Mone told the Journal Sentinel following the meeting that he does have confidence in Regent Michael Grebe’s leadership as chair of the committee and was also confident that the search would be participative and inclusive overall.

Faculty representatives at UWs in Green Bay, Stevens Point, River Falls, Oshkosh, Eau Claire, La Crosse, Whitewater, Milwaukee and Stout— nine of the system's 13 schools — have passed resolutions calling out the lack of representation on the search and screen committee and are asking the regents to expand the group. UW-Parkside's faculty senate will consider a resolution soon.

Student and staff governments are also considering resolutions to the same effect: UW-Stout's Student Association passed a resolution this week and UW-Milwaukee's is considering one, too. 

At least four members of the Wisconsin Legislature, Rep. Katrina Shankland, D-Stevens Point, and Sens. Chris Larson, D-Milwaukee, Patty Schachtner, D-Somerset, and Jeff Smith, D-Eau Claire, also sent letters to the Board of Regents asking for an expansion of the committee.
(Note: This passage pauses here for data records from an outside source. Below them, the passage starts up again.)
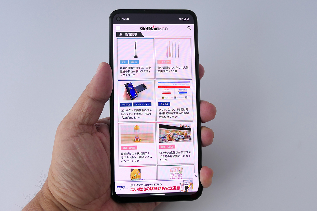 Pixel 5よりもひと回り大きいうえに、重量は183gと若干重くなっていますが、片手で操作しづらいということはありません。個人的には、画面が大きくなった分、Webページの文字や映画の字幕が見やすくなったように思えました。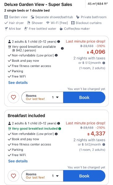 Once in Chiang Mai I wanted to extend  my booking which was around 1000 baht plus breakfastl[long time ago} but reception quoted me 1500 baht. I booked on line for 1000 baht plus breakfast  and reception  had no idea why that was so.I usually double check  my booking because I have been caught putting the wrong dates  and last year  a hotel in Antwerp cost me double the price with trip. It was my fault  hence the cheap rooms were all gone.  After complaining to trip.com  the company were good enough to give me $200 worth of credits.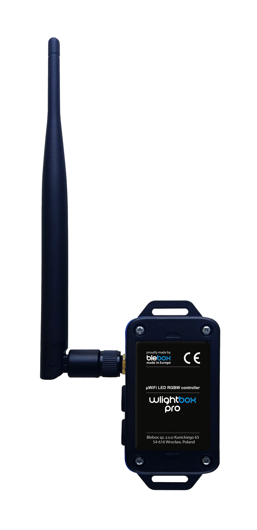 Sterownik wlightBox Pro to urządzenie pzeznaczone so montażu na zewnątrz sterujące oświetleniem 12-24 DC LED, LED RGBW, RGBW/CT. Urządzenie jest wodoodporne. Antena zewnętrzna zwiększa zasięg.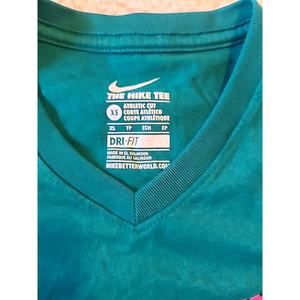 The Nike Tee Athletic Cut Dri Fit XS Green Pink Girl's V Neck T Shirt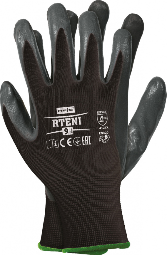 Rękawice ochronne wykonane z poliestru (ścieg 13), powlekane nitrylem typu smooth.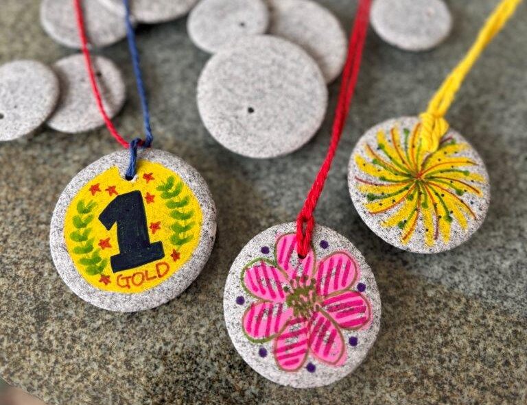 庵治石に自由にペイントをして、自分だけのメダルをつくろう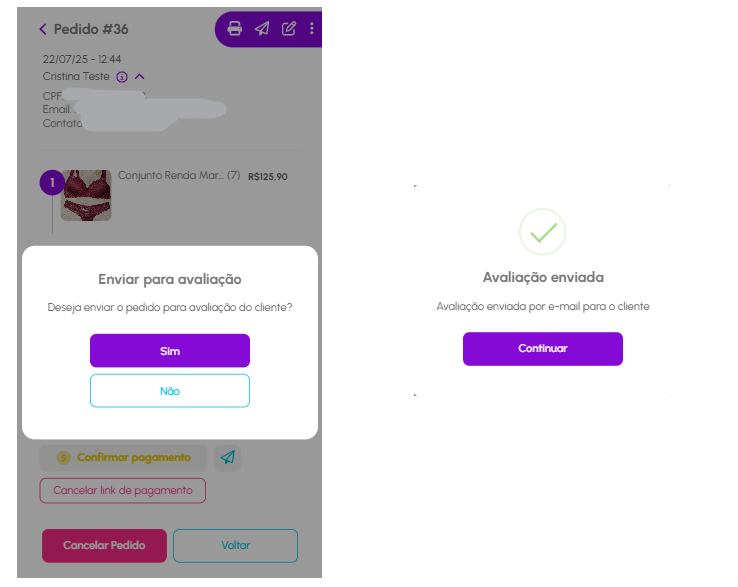 ⚠ ️ Se o pedido não tiver e-mail, não será possível enviar a avaliação.

On Tuesday, a prominent union and a professional organization for faculty, the AFT-Wisconsin's Higher Education Council (formerly the American Federation of Teachers) and the American Association of University Professors-Wisconsin, issued a joint statement calling the decision to not include faculty, staff and more students an indication of “a shocking level of disrespect" and a "troubling lack of humility on the part of the Regents."

"Universities function differently than, say, a corporation does. Faculty and staff actually do most of the day-to-day administration. We do most of the work. Curricular decisions, what kinds of classes are going to be offered, those are decisions that, by necessity, have to be made by people with training in that field," said Jon Shelton, an associate professor at UW-Green Bay and the vice president of higher education for AFT-Wisconsin.

Petersen remained steadfast Friday that the composition of the committee will not change.

This is not the first time that faculty have raised concerns about being cut out of big hiring decisions. Members of the UW-Whitewater faculty senate issued an open letter earlier this year complaining about a lack of faculty voice in the search for their new chancellor.

But one national expert worried that the current composition could actually backfire. Lynn Pasquerella, president of the Association of American Colleges and Universities, said: "In fact, if you don't have representation, it may thwart the goal of having a streamlined process, because candidates may withdraw if they feel they will not have the support of the community once they're appointed because the process itself is being unethical or lacking in integrity."